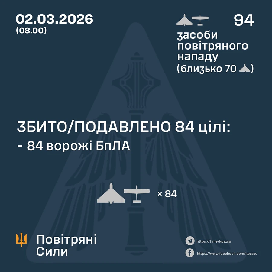С вечера 1 марта россияне атаковали Украину 94 ударными БПЛА типа Shahed, «Гербера», «Италмас» и беспилотниками других типов, 84 дрона удалось обезвредить, но есть и попадания.
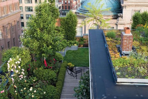 At the South Street Seaport, Manhattan, I was passing by a building that had a rooftop garden, which is clearly a trend now in NYC. People might have avoided creating a rooftop garden in the old days because they thought that the construction cost was high or adding such a roof on an architectural structure was complicated or cause damage to the building. Now, everything is changed – there are so many different structural and landscaping materials that allow us to efficiently build a workable garden on your roof! (I know this because I’m currently taking a landscaping class at Cornell and because our semester-long project is to design a rooftop garden.)
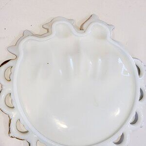 This is a vintage milk glass plate with kitty cats. Shabby chic condition with some missing paint as shown, but still super cute.
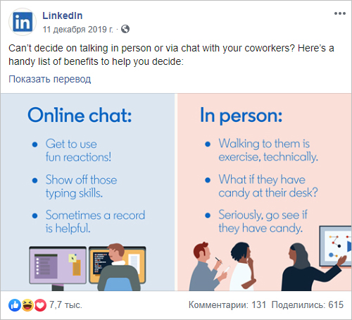 Компания LinkedIn опубликовала инфографику, которая сравнивает преимущества общения между сотрудниками в чате и вживую.
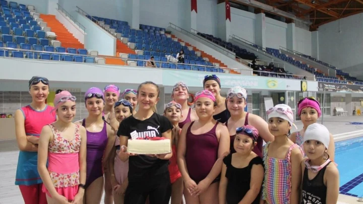 Bayburt'ta yüzme eğitimi alan öğrenciler antrenörlerinin Öğretmenler Günü'nü unutmayarak, unutamayacağı bir sürpriz yaptılar.
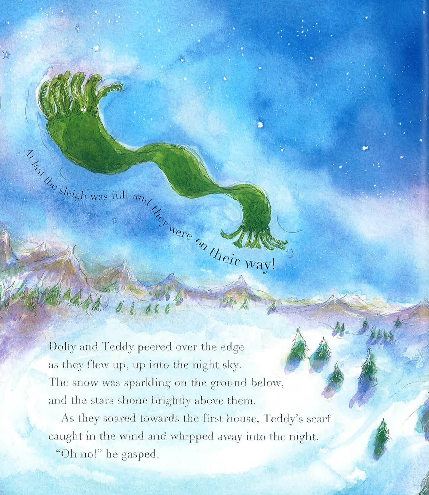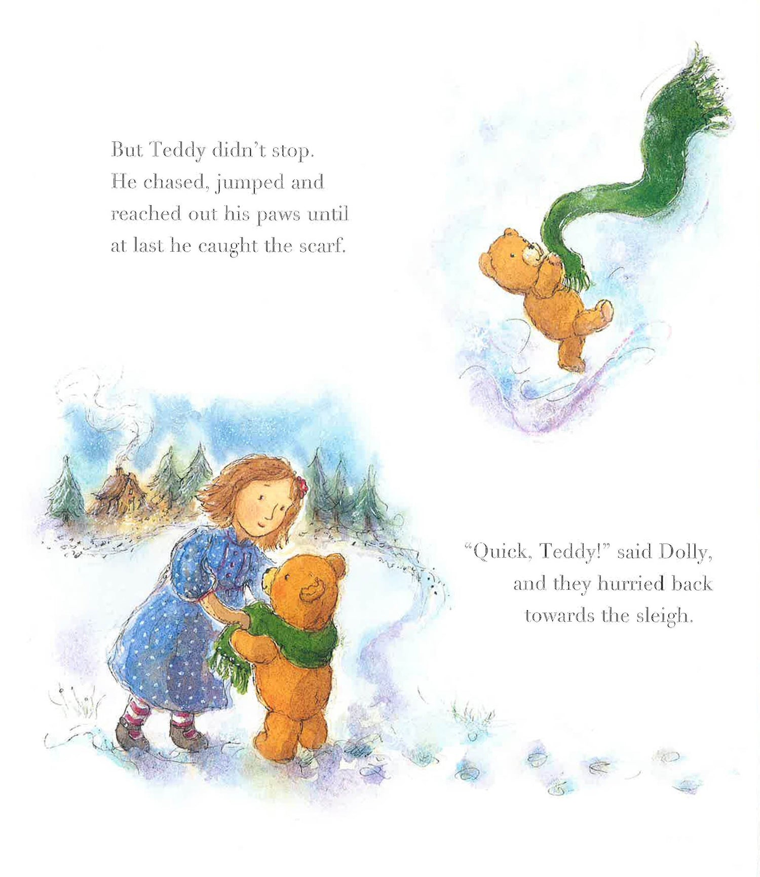 But oh no! Teddy loses his scarf, and when he chases after it, the sleigh leaves without them.
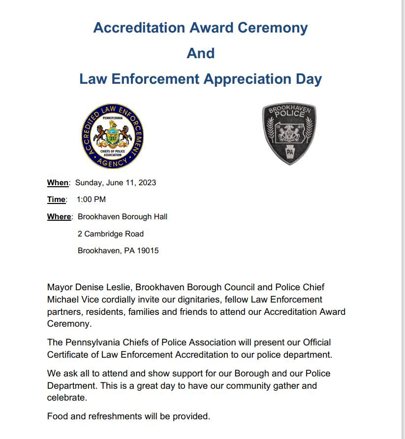 REMINDER… Accreditation Award Ceremony June 11th – all are invited!
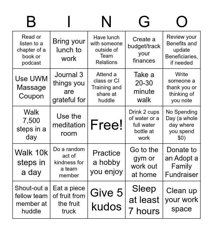 This bingo card has a free space and 24 words: Do a random act of kindness for a team member, Eat a piece of fruit from the fruit truck, Attend a class or CI Training and share at huddle, Shout-out a fellow team member at huddle, Review your Benefits and update Beneficiaries, if needed, Read or listen to a chapter of a book or podcast, Use UWM Massage Coupon, Bring your lunch to work, Drink 2 cups of water or a full water bottle at work, Practice a hobby you enjoy, Take a 20-30 minute walk, Walk 7,500 steps in a day, Go to the gym or work out at home, Donate to an Adopt a Family Fundraiser, Journal 3 things you are grateful for, Sleep at least 7 hours, No Spending Day (a whole day where you spend $0), Have lunch with someone outside of Team Relations, Write someone a thank you or thinking of you note, Use the meditation room, Clean up your work space, Walk 10k steps in a day, Create a budget/track your finances and Give 5 kudos.
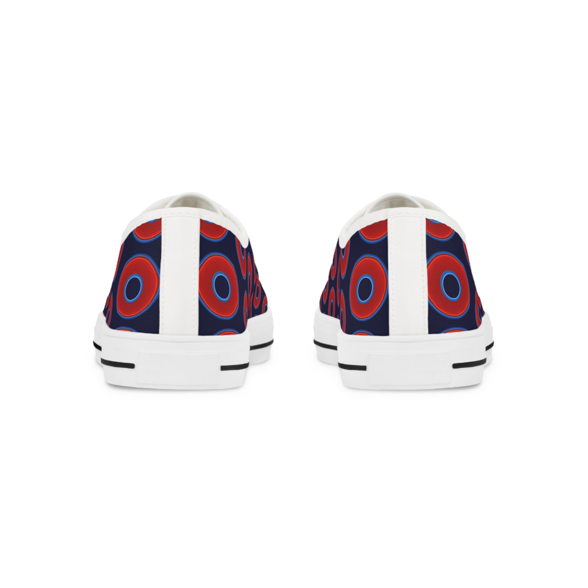 Men's - Low Top Chuck Taylors - large vivid red donut print w/dark navy blue background
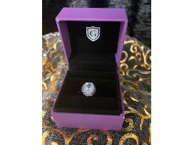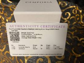 Complete with an authenticity certificate, this absolutely gorgeous ring features both amethyst stones and a dazzling oval-cut lavender quartz on a sterling silver band. Totaling 3.54 cts. Size 6.
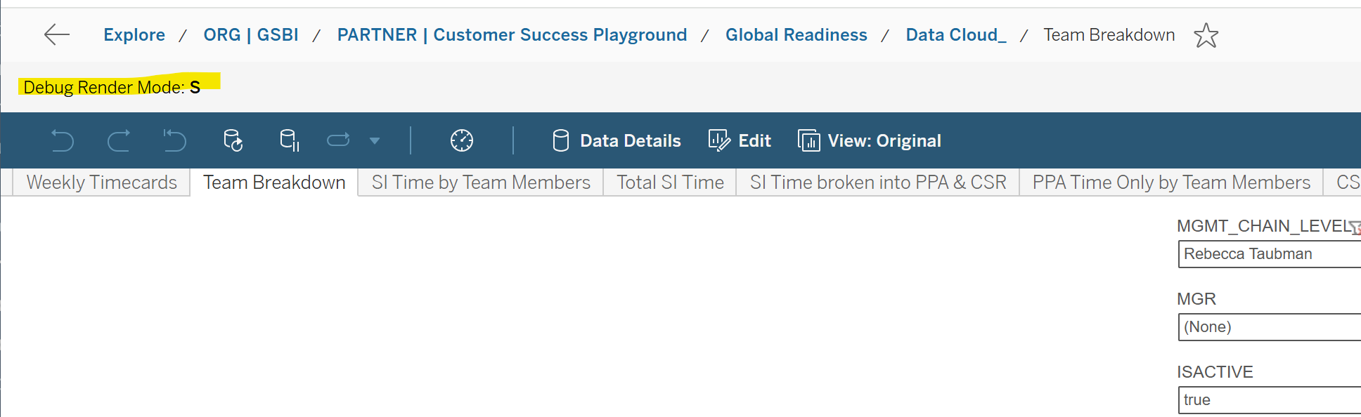 2.URLに、例えばiid=2があれば?:iid=2&:jsdebug=y&:refresh=y&:render=false を付けてアクセスしてみていただけますでしょうか。なければもう一度:iid=2&の部分をなくした?:jsdebug=y&:refresh=y&:render=false をつけてアクセスをお試しください
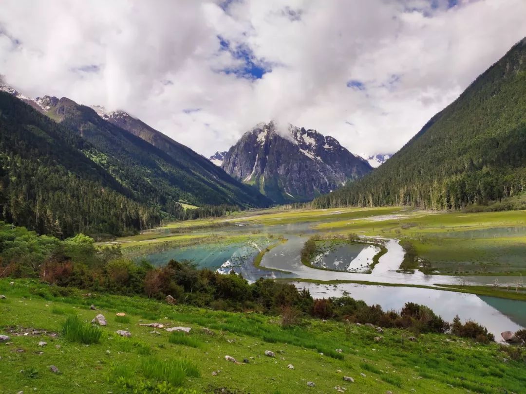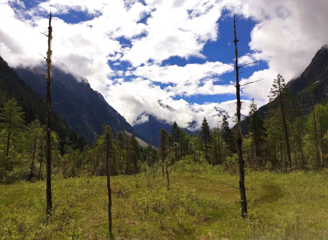 欣赏完这雪山美景我就拔营出发了。本以为今天的这个河谷会很好走,可是刚出发没多久就发现到处都是沼泽,最后我心一横,干脆淌水算了。这个河谷的名字叫错布隆巴河谷,我今天将沿着错布隆巴的右岸顺流而下。在沼泽里淌水几百米后,竟然发现河谷东边的树林里隐隐约约有一些路迹,当时真是后悔莫及。不过也没办法了,鞋子既然已经湿了,就只能硬着头皮在河谷东岸走了。
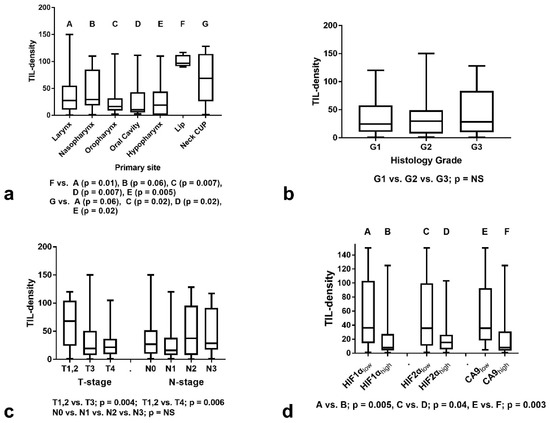 TIL density (mean value of lymphocytes per ×40 o.f.) stratified for histopathological and immunohistochemical variables: (a) Stratification according to primary tumor location; (b) Stratification according to histology grade; (c) Stratification according to T- and N-stage; (d) Stratification according to HIF1α, HIF2α, and CA9 expression groups. Box and whiskers graphs display the median value, range, and 25th and 75th percentile values. (TIL = Tumor infiltrating lymphocyte, CUP = cancer of unknown primary, G = histology grade, HIF1α = hypoxia inducible factor 1α, HIF2α = hypoxia inducible factor 2α, CA9 = carbonic anhydrase 9, A, B, C, D, E, F, G correspond to the indications shown on x-axis).
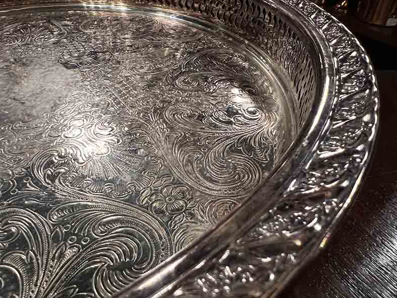托盤表面佈滿細膩的手工花卉與渦卷刻紋,邊緣環繞精緻鏤空設計,不僅提升了透光與層次感,也展現當時銀器工藝的細緻與華美。
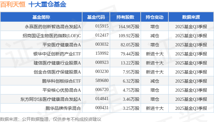 持有百利天恒最多的基金为永赢医药创新智选混合发起A,目前规模为11.87亿元,最新净值1.7642(10月27日),较上一交易日上涨1.26%,近一年上涨130.23%。该基金现任基金经理为单林。
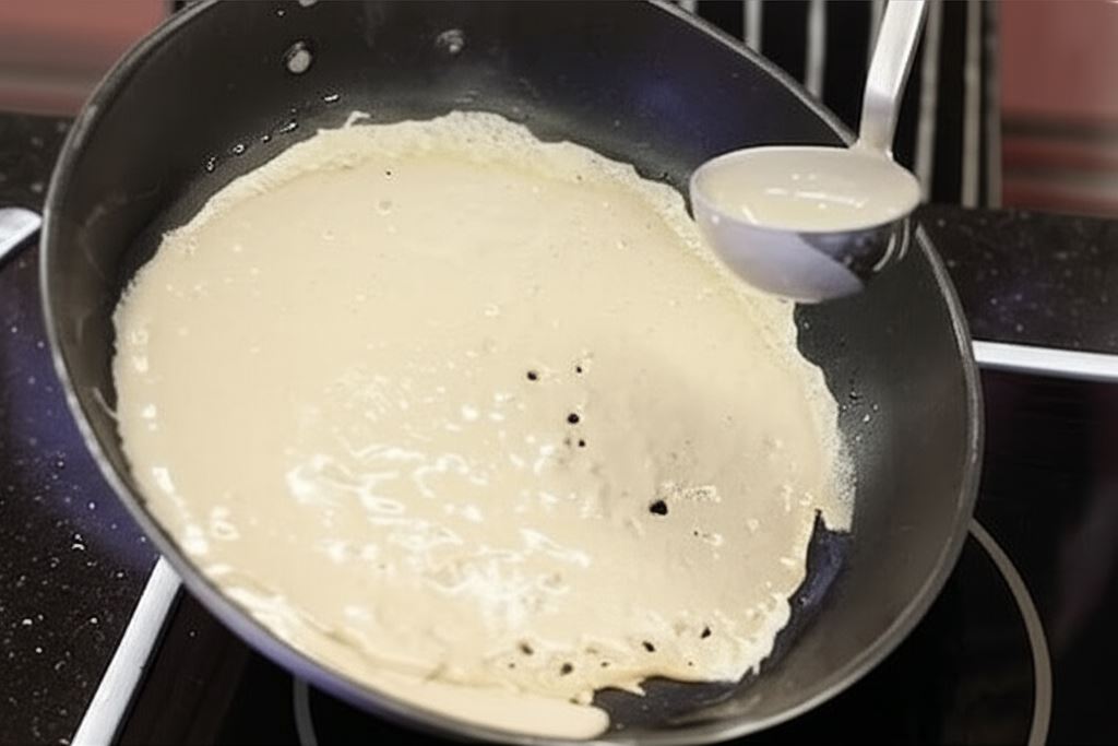 Z jaj, cukru, mąki, mleka, wody, oleju i kakao przygotuj płynną, jednorodną masę na ciasto. Potem na nagrzanej, delikatnie natłuszczonej patelni usmaż naleśniki.
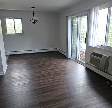 Cheerful 2nd floor corner one-befroom apartment with terrace. A friendly garden-style apartment complex in a very convenient location. Newly renovated bath, luxury vinyl flooring throughtout. The updated kitchen includes a stainless range and refrigerator. Sliding door to private balcony with nice skyline views. Great closet space and efficient cooling unit. Rent includes heat and hot water. Assigned parking for one car plus guest parking. Coin-op laundry in basement plus area services, great shopping, restaurants and transportation. Great value!
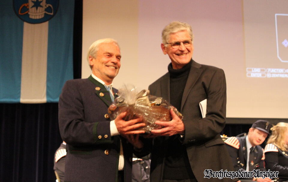 1 / 3Für seinen Vortrag zum Thema »enkeltaugliches Bauen« bedankte sich Dr. Bartl Wimmer (l.), Vorsitzender des Zweckverbandes Bergerlebnis Berchtesgaden, bei Architekt und Stadtplaner Manfred Brennecke mit einem Geschenk. (Fotos/2: Ulli Kastner)

━━━━━━━━━━━━━━━━━━━━

Activity: Copy everything above from the line holding "But oh no! Teddy" down to the line holding "REMINDER… Accreditation Award", both ends included, exactly as it stands and without the pictures.

Output of the task:
 But oh no! Teddy loses his scarf, and when he chases after it, the sleigh leaves without them.
 REMINDER… Accreditation Award Ceremony June 11th – all are invited!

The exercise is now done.